Stockholders will vote to elect nine directors, ratify PricewaterhouseCoopers LLP as the independent registered public accounting firm for fiscal 2026, cast an advisory (non-binding) 'say-on-pay' vote to approve named executive officer compensation, and consider any other properly presented business.
Elect nine director nominees (Sally Ashford, Stephen A. Carter, David Flaschen, M. Sean Griffey, Don Hawk, Patrick Martell, Gary Nugent, Perfecto Sanchez, and Christina Van Houten) each to serve until the 2027 annual meeting and until their successors are duly elected and qualified.
Ratify the Audit Committee's selection of PricewaterhouseCoopers LLP as the Company's independent registered public accounting firm for the fiscal year ending December 31, 2026.
Advisory (non-binding) vote to approve the compensation of the Company's named executive officers as disclosed in this Proxy Statement, including the Compensation Discussion and Analysis and compensation tables.

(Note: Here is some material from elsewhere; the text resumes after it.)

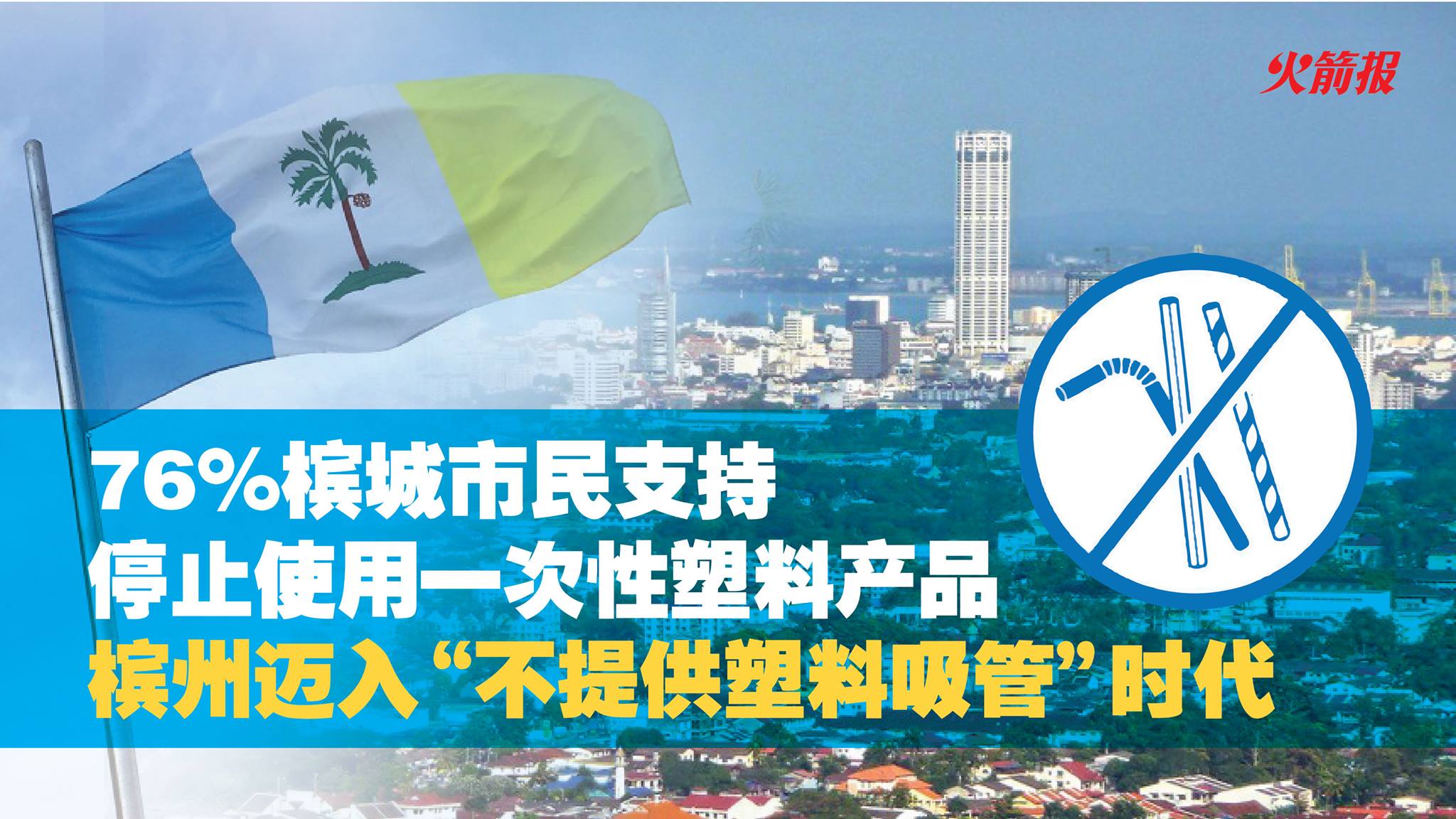 槟州政府于2009年7月至2011年期间推介了“无免费塑料袋运动”,并在各大商场与超市推行“每天都是无免费塑料袋日”。今年,槟州将迈入停止使用一次性塑料产品的另一个阶段,即通过推行“停止使用塑料吸管运动”,来配合马来西亚2030年成为零一次性使用塑料国的愿景,带领槟州全民往绿色州属的目标前进。利益相关的业者将在3月份内参与有关政策的各项活动,而为期6个月的教育醒觉运动将于4月正式开始。

This advisory "say-on-pay" proposal asks stockholders to approve, on a non-binding basis, the compensation paid to the Company's named executive officers as disclosed in the proxy. Management seeks this advisory approval to obtain stockholder feedback on its pay programs and to validate that its executive pay philosophy—aligning pay with long-term company performance and retention objectives—has stockholder support. The Compensation Committee designs pay packages combining salary, annual cash incentives tied to revenue and operating profit targets, retention awards, and multi-year RSU grants to align management incentives with operational and strategic goals. The Company notes that 2025 results did not meet bonus thresholds and that the Compensation Committee uses a variety of performance measures and discretion to assess awards; the advisory vote allows stockholders to weigh in on that approach. The Board expressly recommends a "FOR" vote and commits to considering the outcome and shareholder feedback when setting future compensation. Governance context includes the Company's controlled status under the Stockholders Agreement with Informa, the role of the Compensation Committee, and recent retention and RSU grant practices described in the proxy. While the vote is non-binding, a negative result would signal stockholder concerns that could prompt the Compensation Committee to revise metrics, mix of short- and long-term incentives, disclosure, or other pay practices. Given the Company’s recent corporate combination with Informa and the Compensation Committee’s stated pay-for-performance philosophy and clawback policy, the proposal frames executive pay within both post-transaction integration considerations and standard governance oversight. Investors evaluating the proposal should weigh the Company’s stated alignment mechanisms, recent 2025 operational performance and impairment-related impacts on reported net income, and the Board’s responsiveness to advisory outcomes when assessing the merits of supporting the recommendation.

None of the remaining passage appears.